Although we structured our conversation around a user-centric research workflow, the JROST criteria for what defines an open science tool was not validated with scientists or end-users during the course of this project. I am confident that many researchers would agree with this approach, however, others likely come to decisions about scientific software with other priorities and preferences. My purpose here was not to take a claim in any debate, but I think it’s important to stay aware of what elements of ‘open’ matter to each stakeholder in the scientific lifecycle. Resources that are open to the public or free may be open enough for some researchers, whereas others have a mission-driven investment in the wider movement to see all elements of research be as open as possible.

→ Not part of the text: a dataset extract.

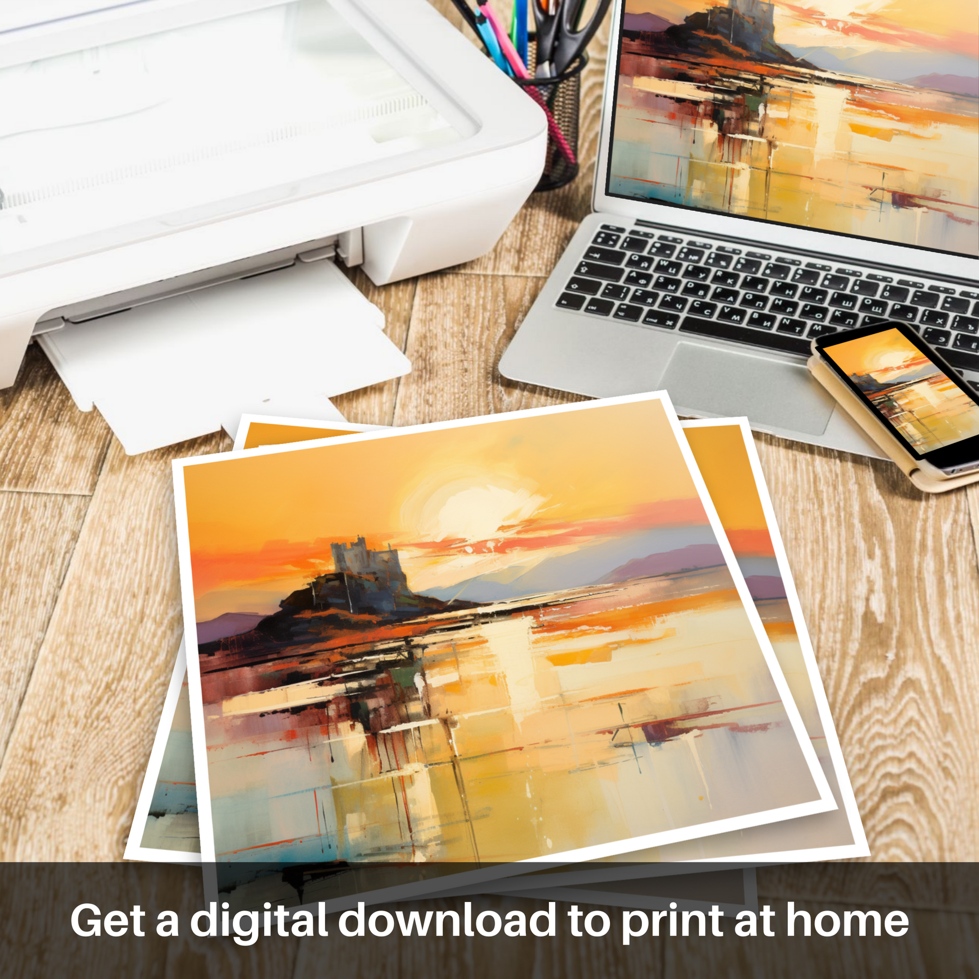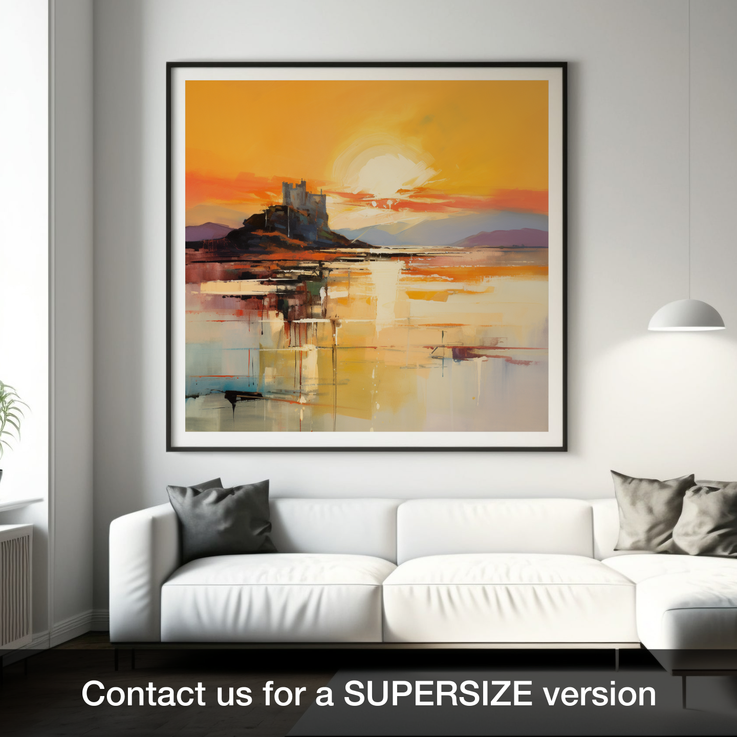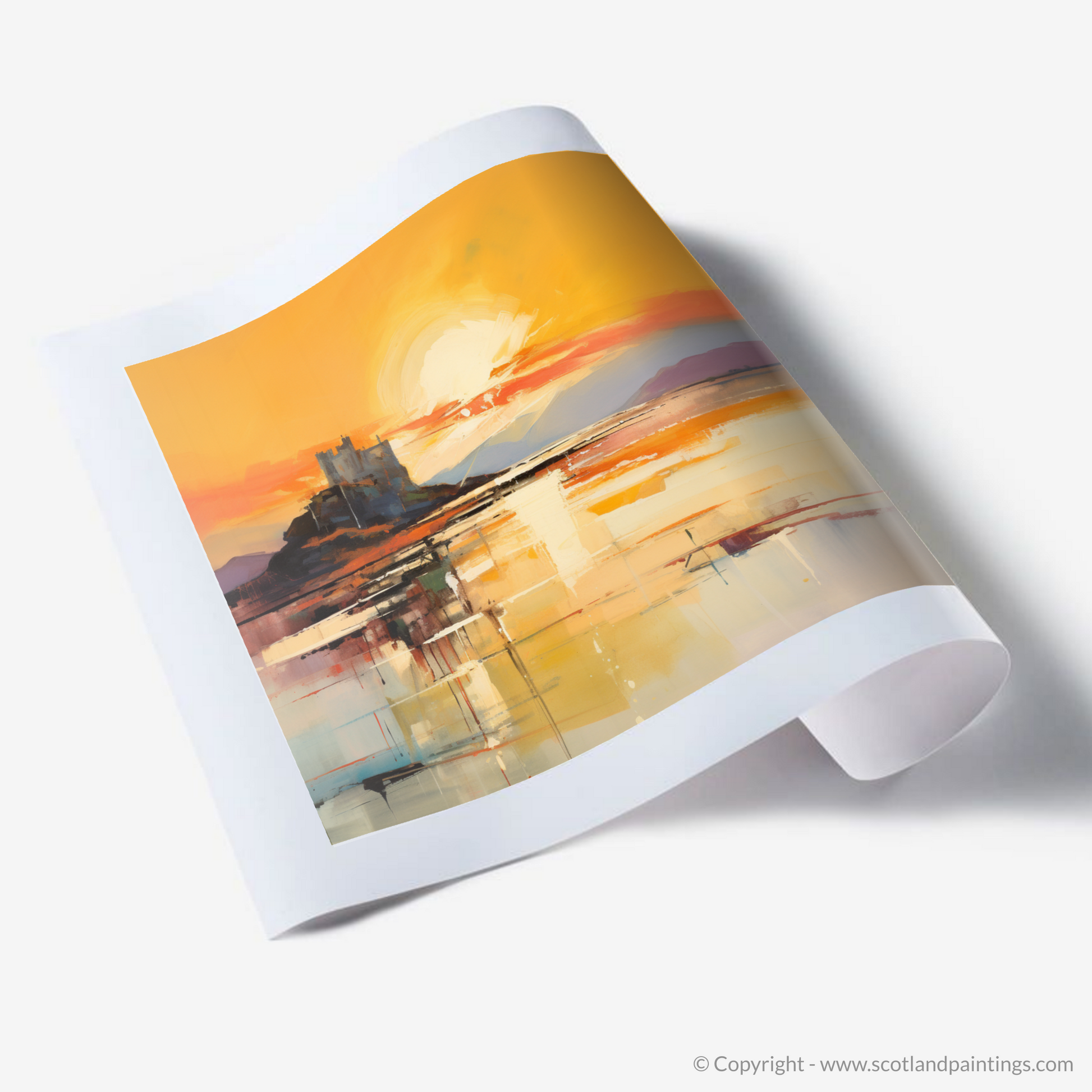 As the sun dips towards the horizon, casting its warm golden glow, our evocative print captures the essence of Castle Stalker Bay at the enchanting hour when day transitions to night. This abstract interpretation bathes the viewer in a symphony of fiery oranges, delicate peaches, and soothing creams, channeling the tranquility and awe-inspiring nature of Scotland's coastal coves.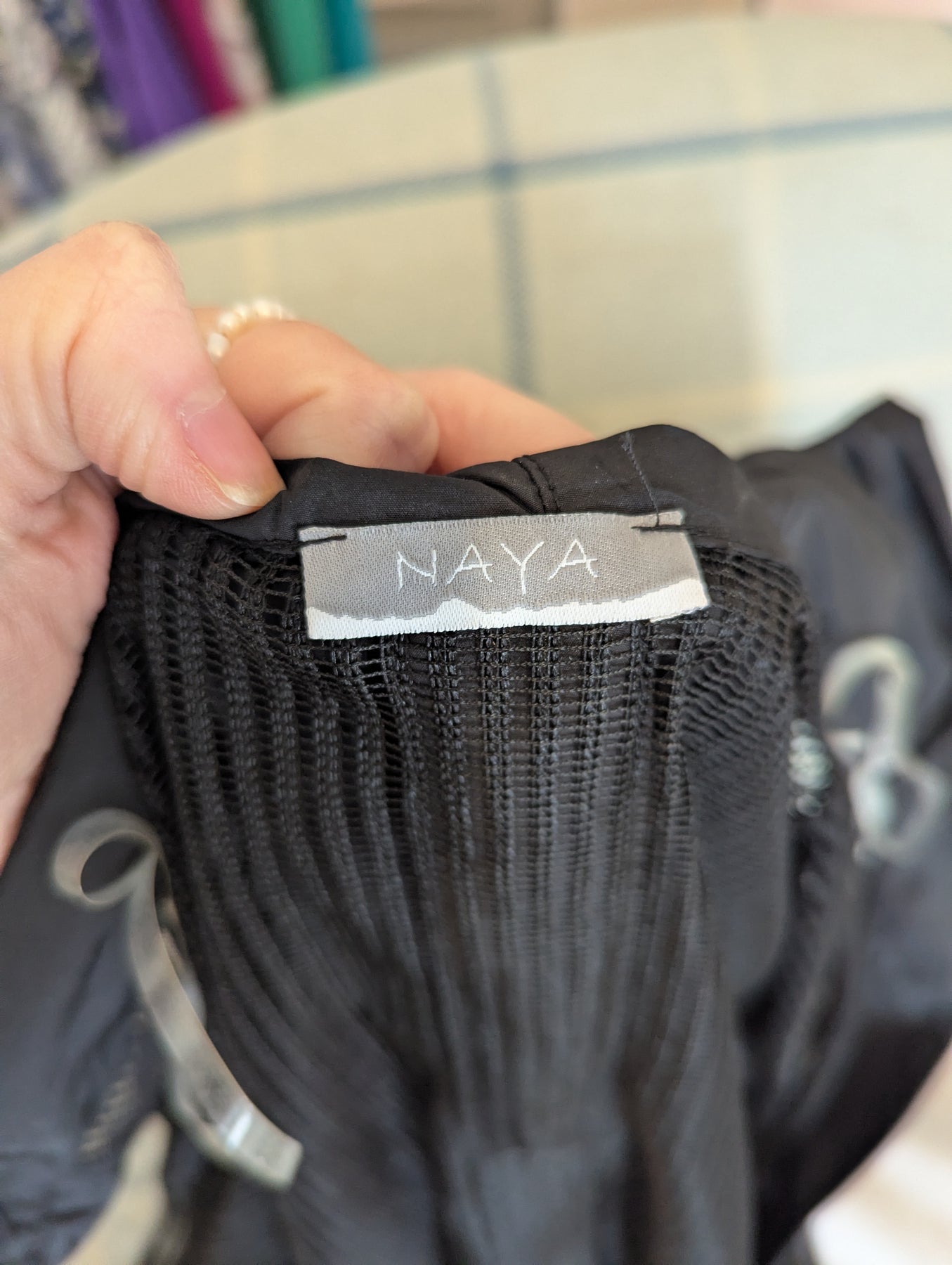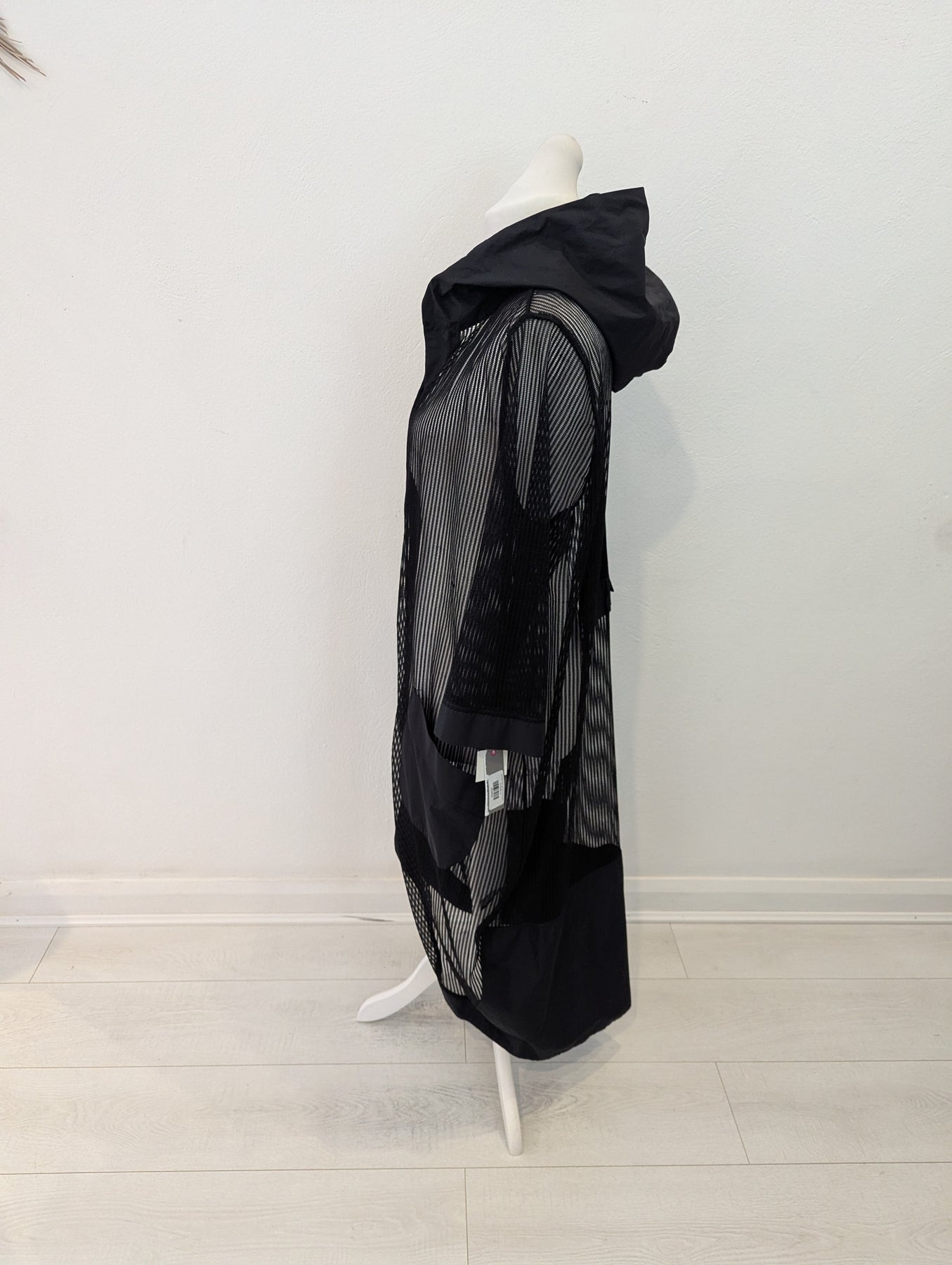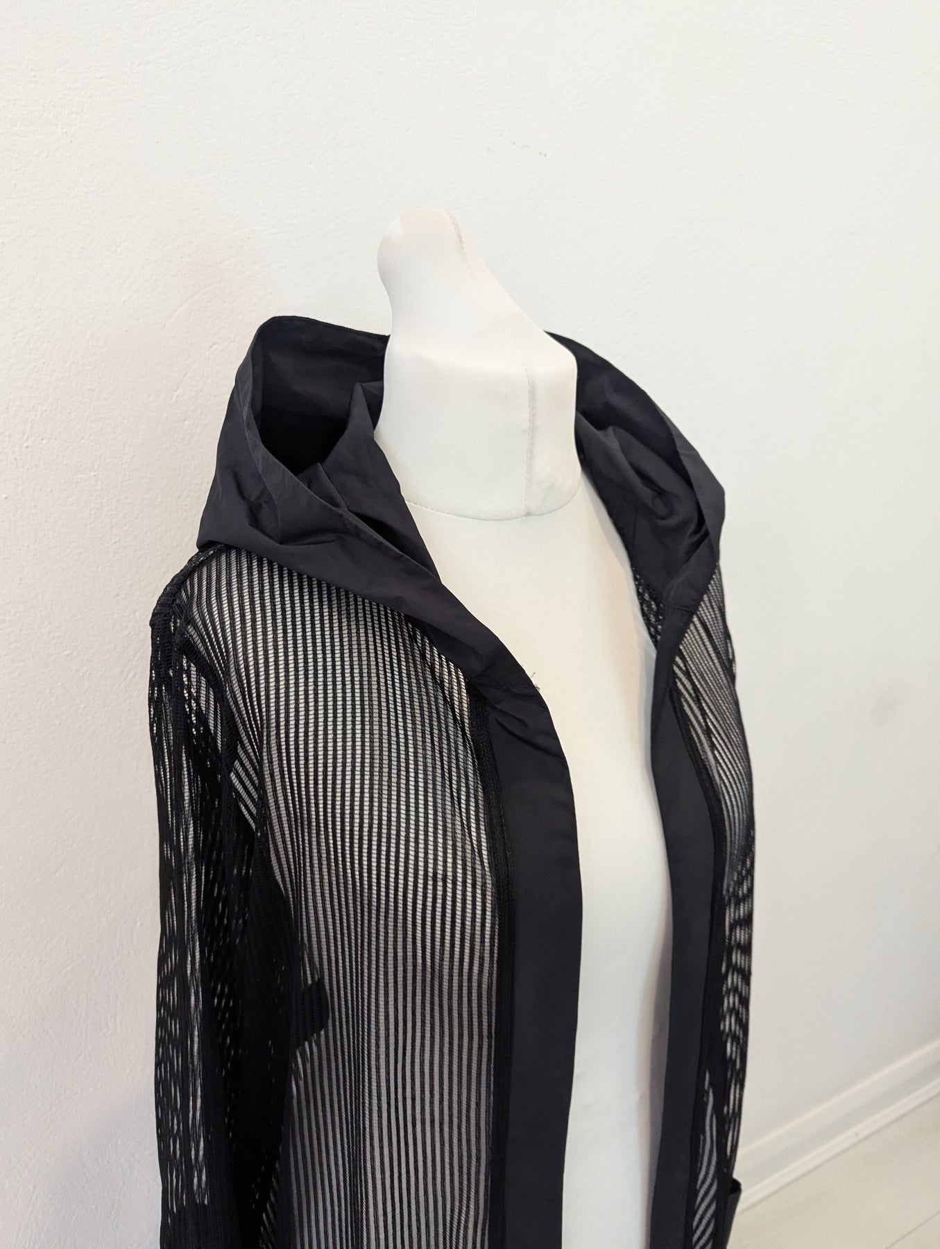 Condition: New with tags RRP £179. The versatility of mesh is showcased in this long line jacket from Naya. With contrast pockets and edge to edge trim, it’s a piece that will work in any wardrobe.

As noted above, it was not my role in this workshop to advocate for or against any specific business models or strategic approaches to providing workflow products and services to the scientific community. Instead, conducting this analysis and sharing it with attendees helped me appreciate the value of diverse approaches to solving the various problems and addressing the enormous potential of digital scholarly communications. For example, there are excellent spin-off groups driving workflow innovations within traditional publishing organizations. And even start-ups demonstrate there’s no one right way to contribute to scholarly workflow solutions. For example, Meta was a for-profit entity before it became part of the Chan Zuckerberg Initiative, a non-profit entity; it continues to be a popular tool with scientists in both incarnations.
While there is an increasing number of studies and data-points to help us understand the ecosystem of open science tools and services, more research is needed to fully understand the workflow solutions at varying degrees of open. This project did not endeavor to measure popularity or researcher uptake of open science tools, but this would enrich our understanding of information software needs of today’s researchers. End-user criteria for either specialized and/or generic solutions requires deeper examination. A disciplinary view of the research lifecycle would also be of value, tracking how the information practices differ across humanistic, social and positivist fields. I look forward to these ongoing conversations, at JROST and elsewhere, and your welcome comments here to extend our cross-sector dialogues on open tools to support scientific progress.
Footnote: While each tool is assigned to one primary research task, it understood that these apps and services often offer support for more than one research task or use case. It is also accepted that research tasks are rarely linear, nor carried out in the same manner or sequence across all fields of study. Researchers often ping-pong back and forth across tasks and phases, especially in the initial development of a research question and reviewing relevant literature. Nonetheless, this generic workflow is an important user-centric organizing principle that served as the starting point for my evaluation of the ecosystem of open science tools for this workshop.